We’ve decoded and visualized sniffer traces several different ways now, from using sigrok PulseView to Excel. But there’s one thing we haven’t done. Since all the logic we are working with is centered around the CGA, it would make sense to visualize events from the sniffer trace as if they were points on a virtual screen.

Turns out, this is fairly straightforward. Since we have captured VSYNC and HSYNC signals, we can write yet another Python program that emits an image (912 hdots / 3) pixels wide, by the total number of HSYNCs long. For each CPU clock rising edge, we can tick our ‘pixel clock’ forward, wrapping at the horizontal edge of the image.  We can detect certain events, and then at the bare minimum, emit pixels that mark and differentiate said events.

I’m not going to show all the code here; it’s long and this post is long enough as it is. It will be all available at a link at the bottom of this article, anyway. It produces an image something like the following.

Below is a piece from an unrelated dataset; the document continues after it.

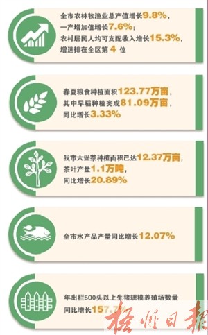 ——全市农林牧渔业总产值增长9.8%,一产增加值增长7.6%;

The red dots represent rising edges of INTR, while yellow lines represent the full width of interrupts – the corresponding ISR actually starts at the end of each yellow line. This is a very useful visualization – if the ISR is say, polling the status register like ISR0 does, can you see the difference if we polled where the interrupt fired vs when we the ISR actually began? It makes the difference between detecting HBLANK or not.

From Emulator to Analyzer

Looking at the decoded output of our bus sniffer is cool and all, but it’s only particularly useful if we can somehow compare it to what our emulator is actually doing, and our emulator produces cycle logs in a custom text format.

But what if we added a new cycle log format that emitted signals that our logic analyzer needed – the 20 address lines, 3 bus status lines, 2 queue status lines, INTR, READY, VSYNC, HSYNC and Display Enable (DEN)?

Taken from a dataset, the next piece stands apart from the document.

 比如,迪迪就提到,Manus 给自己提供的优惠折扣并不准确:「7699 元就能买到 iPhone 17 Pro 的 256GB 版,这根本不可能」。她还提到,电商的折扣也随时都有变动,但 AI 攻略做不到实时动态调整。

        if let Some(video) = self.bus().video() {
            let (vs_b, hs_b, den_b, brd_b) = video.get_sync();
            vs = if vs_b { 1 } else { 0 };
            hs = if hs_b { 1 } else { 0 };
            den = if den_b { 1 } else { 0 };
            brd = if brd_b { 1 } else { 0 };
        }

        // Segment status bits are valid after ALE.
        if !self.i8288.ale {
            let seg_n = match self.bus_segment {
                Segment::ES => 0,
                Segment::SS => 1,
                Segment::CS | Segment::None => 2,
                Segment::DS => 3             
            };
            self.address_bus = (self.address_bus & 0b1100_1111_1111_1111_1111) | (seg_n << 16);
        }

        // "Time(s),addr,clk,ready,qs,s,clk0,intr,dr0,vs,hs"
        // sigrok import string:
        // t,x20,l,l,x2,x3,l,l,l,l,l,l
        self.trace_emit(&format!(
            "{},{:05X},1,{},{},{},{},{},{},{},{},{},{}",
            self.t_stamp,
            self.address_bus,
            if self.ready { 1 } else { 0 },
            q,
            s,
            0,
            if self.intr { 1 } else { 0 },
            if matches!(self.dma_state, DmaState::Dreq) { 1 } else { 0 },
            vs,
            hs,
            den,
            brd
        ));

It takes a bit of massaging, since our emulator didn’t really care about modelling physical pin states before. We have to write the status bits and the value of the data bus back to the address bus at the appropriate times. Here a nice convenience feature of PulseView comes in handy; it can interpret hexadecimal notation as packed signal lines; so we don’t need to decompose our address bus into 20 different fields. We simply need to give the format type ‘x20’ for our address column.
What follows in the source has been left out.